EBS incidents often look like application incidents first.

The app is slow. The database is stuck. SSH is lagging. The instance becomes unreachable. Writes time out. A deployment hangs. The service restarts in a loop.

Then someone checks disk.

This part is a field manual for debugging EBS-backed systems without guessing.

The goal is not to memorize every possible error.

The goal is to classify the failure quickly:

capacity problem?
latency problem?
throughput or IOPS saturation?
instance EBS bandwidth limit?
volume status issue?
attachment or device discovery issue?
filesystem corruption?
KMS/permission issue?
snapshot/restore issue?
application write pattern issue?

Once the class is clear, the next action becomes safer.


1. Problem yang Diselesaikan

Bad EBS incident handling usually follows this pattern:

Application is slow
Operator SSHes into instance
Runs random df/iostat/fsck commands
Restarts service
Maybe reboots instance
Maybe detaches volume
Maybe enables I/O
Maybe deletes logs
Root cause disappears or data gets worse

Production-grade handling is different:

1. Preserve state.
2. Classify failure mode.
3. Stop unsafe writes if needed.
4. Inspect AWS status and OS signals.
5. Decide repair vs replace vs restore.
6. Validate data consistency.
7. Record prevention control.

EBS is below the application but above the physical device layer.
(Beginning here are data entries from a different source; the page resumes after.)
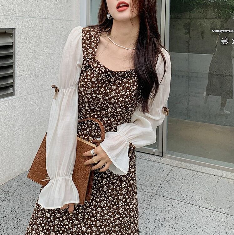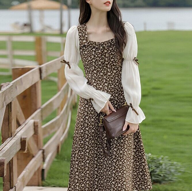 花柄ワンピース フラワープリント Aラインワンピース ロング丈 シースルー パフスリーブ リボン ラージサイズ レディース フレンチ スクエアネック 長袖ワンピース 新作 フローラル シフォンロングスカート カジュアル 普段着 普段使い お呼ばれ パーティー イベント 二次会 発表会 同窓会 旅行 パーティー イベント 披露宴 海外ファッション プチプラ ランキング キュート お勧め 大人きれい レトロデザイン 流行 トレンド トレンディファッション プチプラ ランキング キュート お勧め 大人女子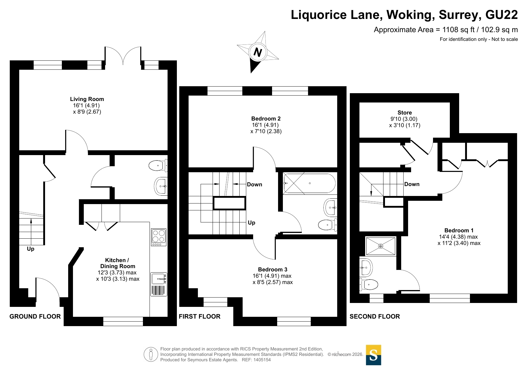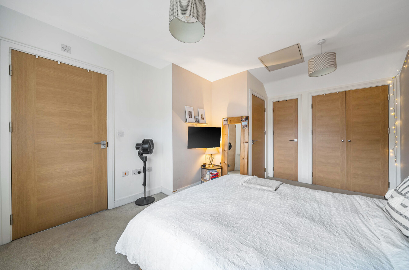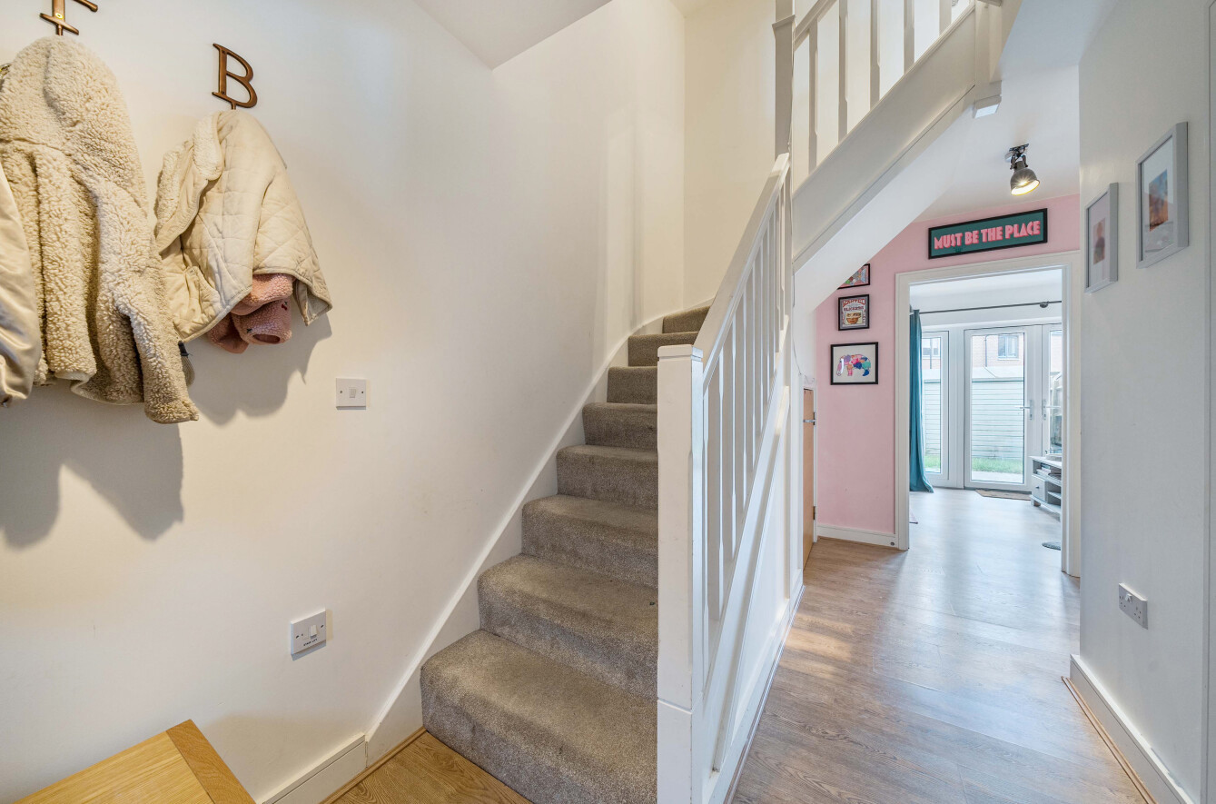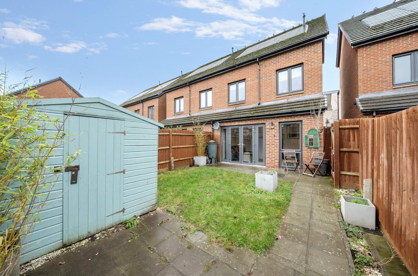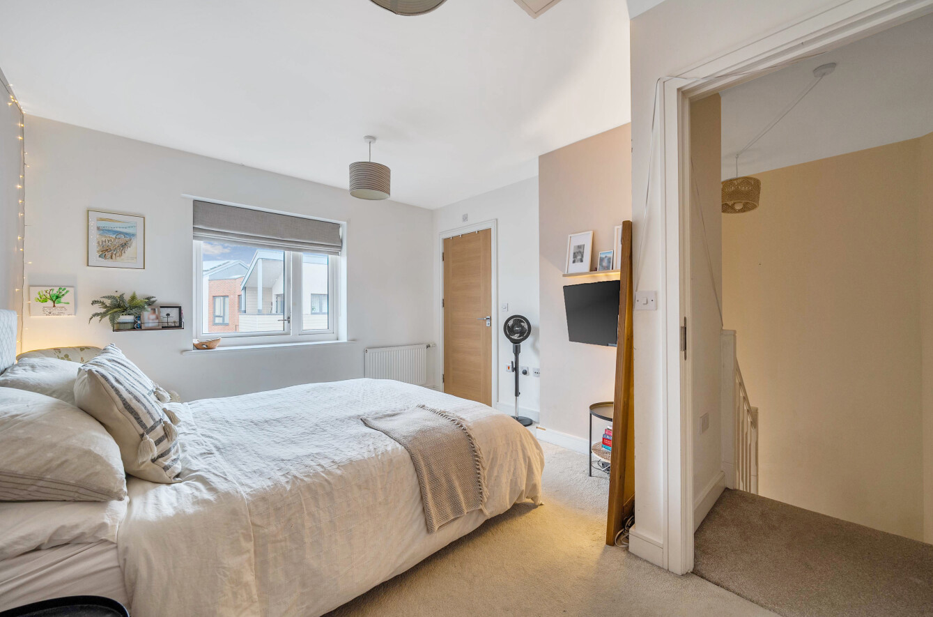 Immaculate, contemporary townhouse, offering well-proportioned and highly versatile accommodation arranged over three floors. This attractive home further benefits from off-road parking to the rear and a private garden, making it ideal for modern family living.The ground floor features a fabulous kitchen/dining room, fitted with a comprehensive range of base and eye-level units and fully equipped with integrated appliances. To the rear, the bright living room enjoys double doors opening directly onto the garden, creating a wonderful indoor-outdoor flow. A cloakroom, with plumbing in place for conversion to a wet room, completes this level.On the first floor are two generous double bedrooms, both dual aspect, along with a well-appointed family bathroom. The master suite occupies the entire top floor and boasts two built-in wardrobes, an en-suite shower room, and extensive eaves storage, plus access to a partially boarded loft.Kingsmoor Park enjoys a prime position in the popular Westfield area of Woking, offering excellent commuter links via the M25 and M3, as well as easy access to Heathrow and Gatwick airports. Woking mainline station provides frequent services to London Waterloo in under 30 minutes, making this an ideal location for commuters.Woking itself is a thriving town, home to Surreys largest covered shopping centre, two theatres, six cinemas, and a vibrant nightlife along Chertsey Road. With an excellent selection of primary and secondary schools, the nearby University of Surrey, and abundant green spaces including country parks, commons, and heathlands, Kingsmoor Park is perfectly suited to growing families and professionals alike.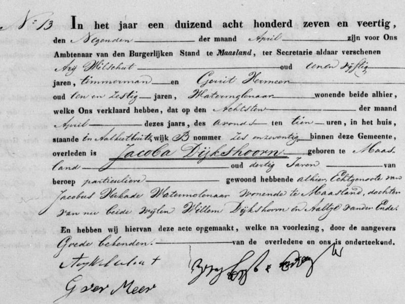 Bron: BS Overlijden Jacoba Dijkshoorn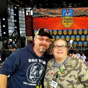 I grew up in a small farming community in western Massachusetts. I helped my parents with chores around our land to raise the meat and veggies that were on our kitchen table to feed us. My knowledge of the Farm Aid community began many years ago as my late husband, Rick attended the first Farm Aid Festival in IL in 1985 and had a favorite t-shirt that he promised me that I would always keep. At the 30th Anniversary show held in Chicago, I was lucky enough to attend with friends and got to know some of the Farm Aid staff. After that volunteering and discussing the Farm Aid organization became a passion.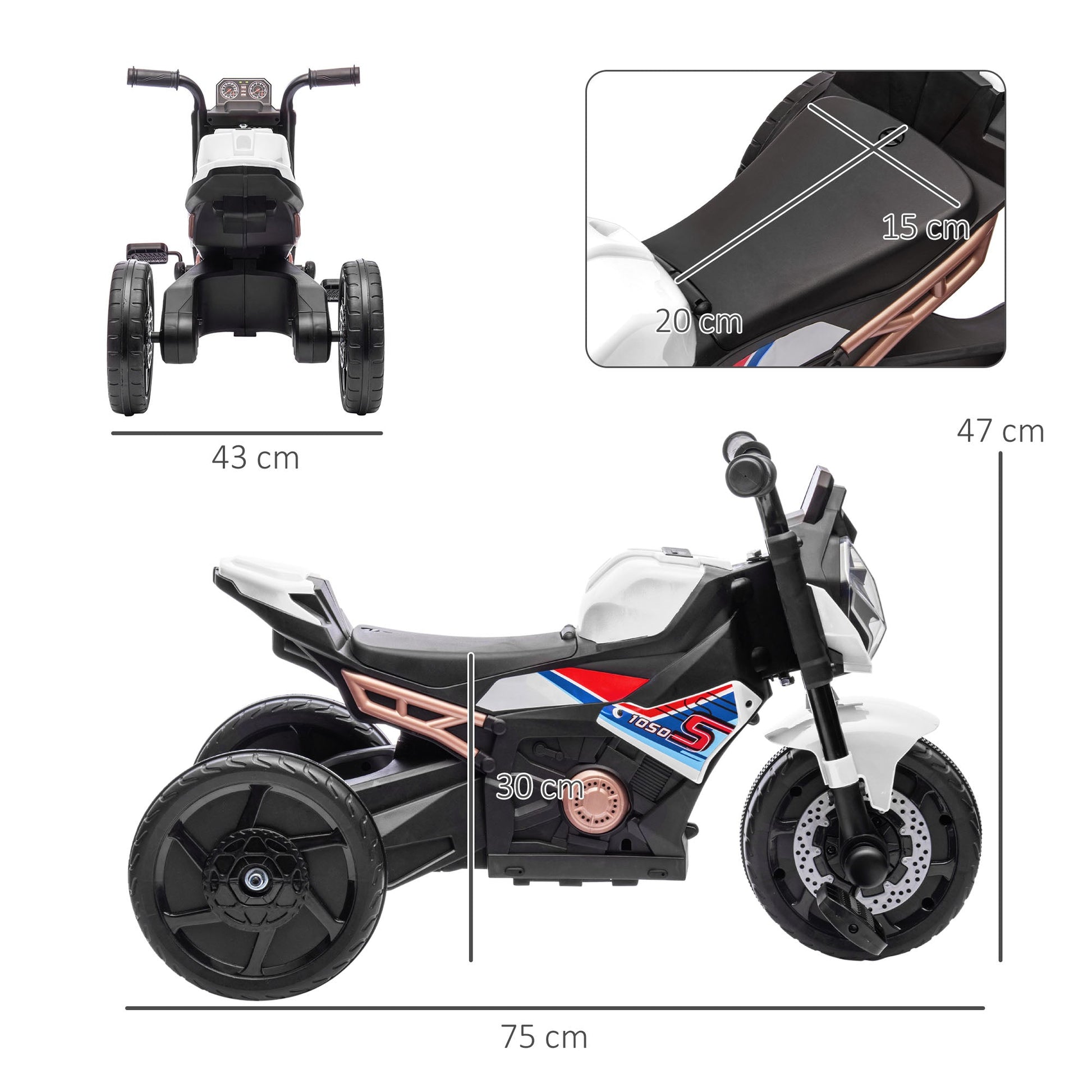 - Overall dimensions: 47H x 75L x 43Wcm. Seat: Off the ground: 30H x 15W x 20Dcm. Wheel: â20cm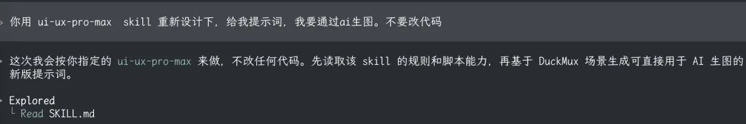 你用 ui-ux-pro-max skill 重新设计下,给我提示词,我要通过ai生图。不要改代码

You must inspect both AWS-level and guest-OS-level signals.


2. EBS Failure Taxonomy

Each class has a different safe action.

ClassCommon symptomFirst safe action
CapacityNo space left on device, service crashIdentify filesystem/inode owner, stop growth, preserve critical data
Latencyhigh iowait, app timeoutCheck queue length, EBS latency, instance EBS bandwidth, workload spike
Throughput/IOPSsustained max ops/bytesCompare demand with provisioned volume and instance limits
Impaired statusI/O disabled, status check failedPreserve evidence, decide enable I/O + consistency check vs restore
Attachmentvolume stuck attaching/detaching, device missingVerify AZ, state, OS device mapping, mount/fstab
Filesystemread-only mount, journal errorsStop writes, snapshot if possible, repair on clone/rescue instance
KMSattach/restore denied, boot failureValidate key policy, grants, role permissions, cross-account access
Snapshot restoreslow first read, wrong data, missing arrayValidate restore plan, warmup/FSR, metadata, AZ, KMS
App write patternstorage looks fine but app blocksInspect fsync, checkpoint, compaction, temp spill, lock contention

3. First Five Minutes Runbook

3.1 Do Not Start With Reboot

A reboot can help some system-level issues, but it can also:

  • erase volatile evidence;
  • extend downtime;
  • replay filesystem journal unexpectedly;
  • restart writers against a corrupted filesystem;
  • hide whether the issue was application, OS, EBS, or instance-level.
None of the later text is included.